Ini adalah hipotesis yang paling kuat 1). IL-13 adalah sitokin yang paling dominan di permukaan mata dan penting untuk diferensiasi sel goblet dan sekresi musin 1). Penghambatan IL-13 oleh dupilumab menyebabkan hipoplasia sel goblet, yang memicu rantai penurunan sekresi musin, ketidakstabilan film air mata, dan inflamasi mukosa 1). Kondisi ini disebut DAMD (defisiensi musin terkait dupilumab) 1).
Pada biopsi konjungtiva oleh Bakker dkk., ditemukan penurunan signifikan sel goblet (3,3 sel/mm vs 32,3 sel/mm pada kontrol) dan infiltrasi eosinofil serta sel T pada pasien DIOSD 1). Ini kontras dengan peningkatan sel goblet (ekspresi IL-13 tinggi) pada konjungtivitis alergi dan AKC, menegaskan bahwa DIOSD adalah entitas penyakit independen 1).
Pada konjungtivitis alergi dan keratokonjungtivitis atopik (AKC), ekspresi IL-13 tinggi dan densitas sel goblet meningkat serta sekresi musin juga meningkat. Sebaliknya pada DIOSD, dupilumab menghambat IL-13 sehingga densitas sel goblet menurun 1). Temuan biopsi juga menunjukkan densitas sel goblet menurun hingga sekitar sepersepuluh dari kontrol 1). Singkatnya, keduanya adalah penyakit inflamasi permukaan mata, tetapi perubahan sel goblet berlawanan, dan mekanisme patologisnya berbeda secara fundamental.
DIOSD dan DAMD adalah konsep penyakit yang relatif baru, dan kesadaran akan keduanya menyebar dengan cepat setelah pemasaran dupilumab 1). Konfirmasi penurunan sel goblet melalui biopsi konjungtiva telah sangat memajukan pemahaman tentang kondisi ini 1).
Dermatitis kontak diduga sebagai faktor modifikasi DIOSD. Ada laporan bahwa menghindari alergen yang diidentifikasi melalui uji tempel (emulsifier, surfaktan, pewangi) memperbaiki DIOSD pada beberapa pasien 1).

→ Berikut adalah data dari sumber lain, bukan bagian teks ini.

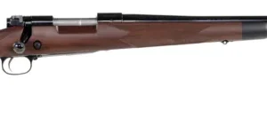 The Model 70 since 1936 it’s been the benchmark against which every other bolt-action rifle is measured. It still has the famous 3-position safety which is convenient to operate with the thumb of your firing hand, lifting the firing pin away from the sear. The forged steel receiver starts from a solid block of steel. The bottom profile of this receiver is flat to offer greater surface area for bedding. It is bedded with a two-part epoxy in two places, at the front and rear to keep things from shifting around inside the stock during firing. The classic Controlled Round Feed (CRF) bolt design is a massive claw extractor that smoothly slips onto and secures about one-quarter of the base of the cartridge. This exerts full control over the cartridge from the time it leaves the magazine, as it enters the chamber, gripping tightly until the cartridge is fully ejected. This design also allows an unfired cartridge to be extracted even if it is not yet fully chambered. The M.O.A. Trigger System is the most precise three-lever trigger system in the world and an improved fit and finish and enhanced accuracy to go along with its classic Pre-’64 controlled round feeding. A blade-type ejector gives you full control when ejecting a fired case. Its free-floating barrel is button rifled in a process that assures superior accuracy and durability. This Super Grade model features a satin fancy walnut stock.
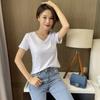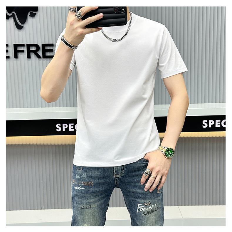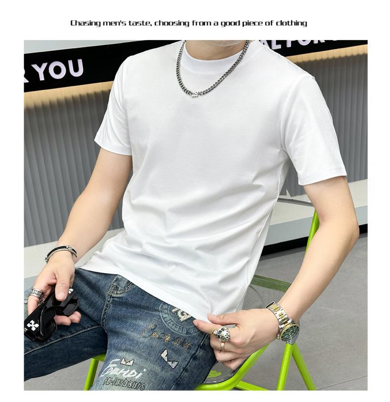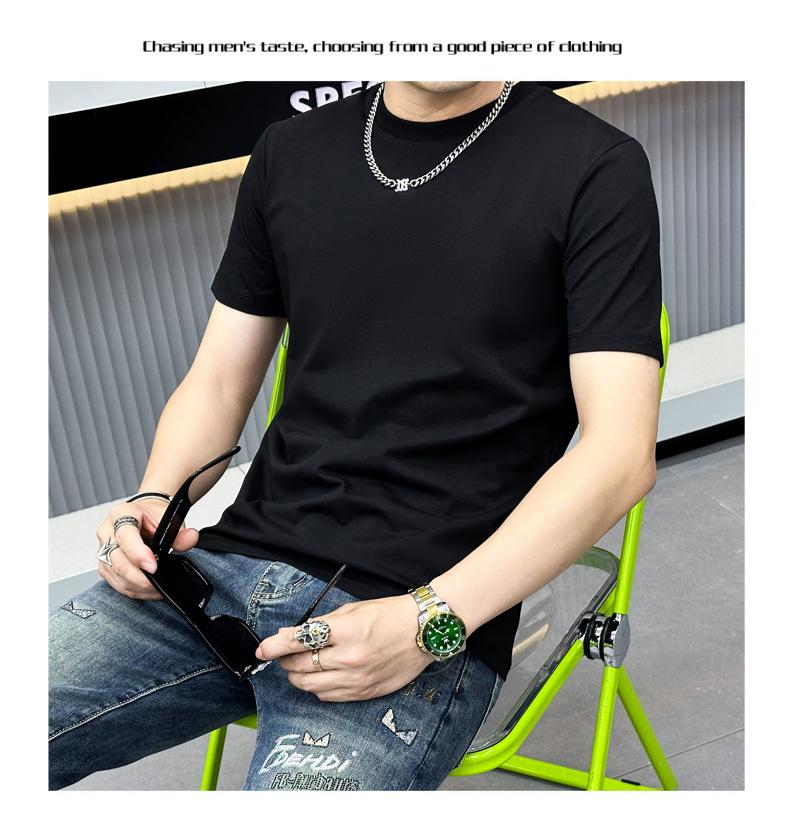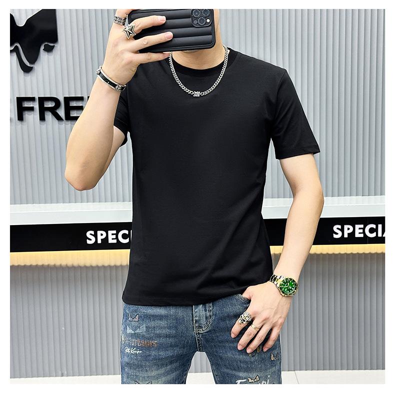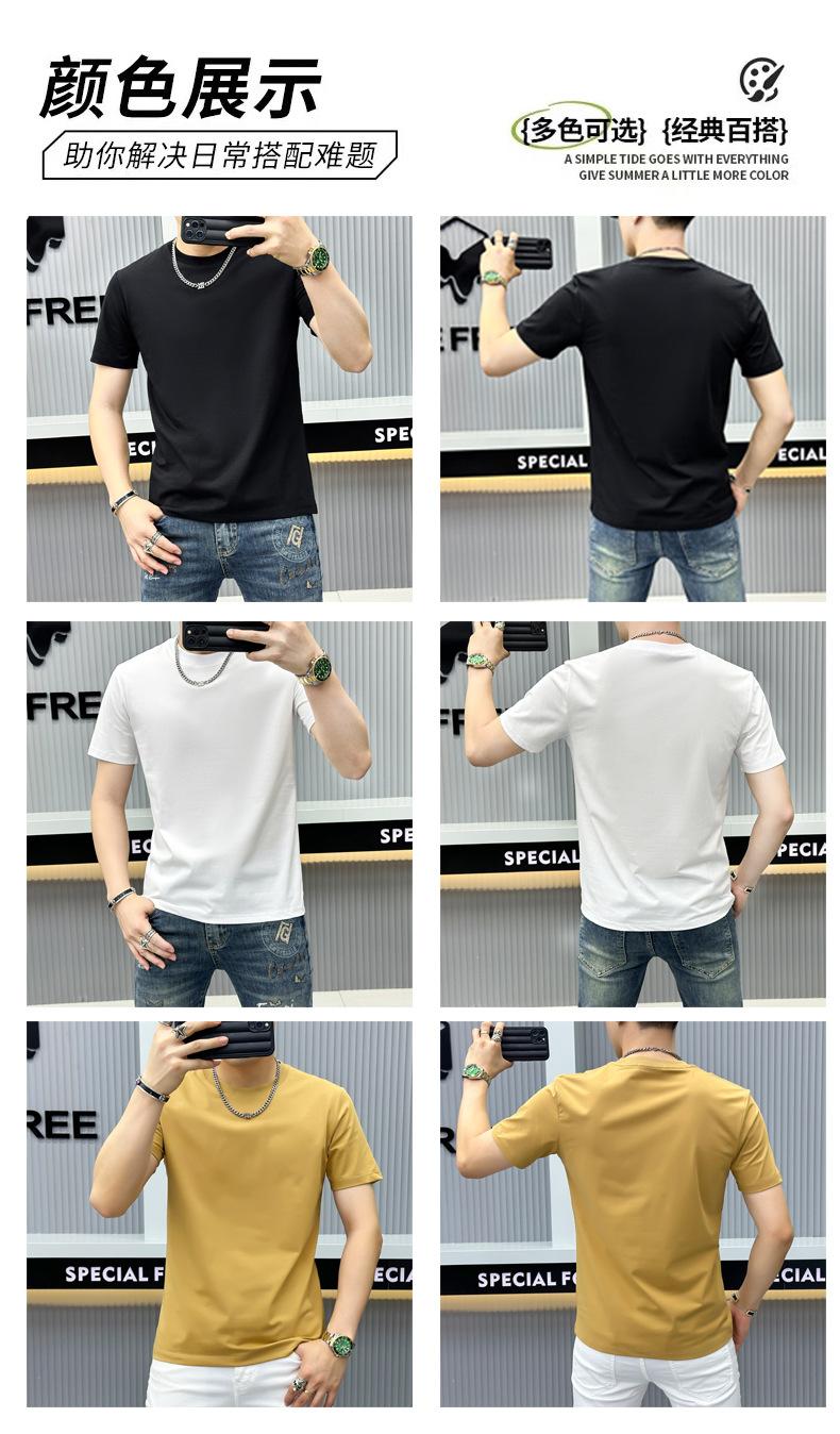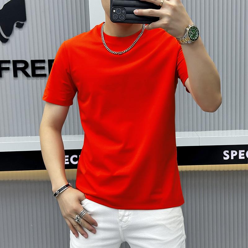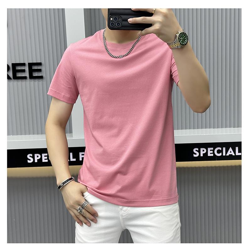 Camiseta de algodón mercerizado de color sólido, versátil y sencilla, camiseta de verano multicolor.

Diperlukan penjelasan mekanisme penghambat kalsineurin dalam memulihkan kepadatan sel goblet, prediksi timbulnya DIOSD menggunakan biomarker, dan akumulasi data hasil jangka panjang. Kelainan metabolisme asam retinoat juga diduga terlibat dalam DIOSD 1), dan peran terapi suplementasi vitamin A mungkin akan diteliti di masa depan.
- Reji MA, Haque A, Goyal S, Krishnaswamy G. Dupilumab-induced ocular surface disease: a primer. BMJ Case Rep. 2022;15:e249019.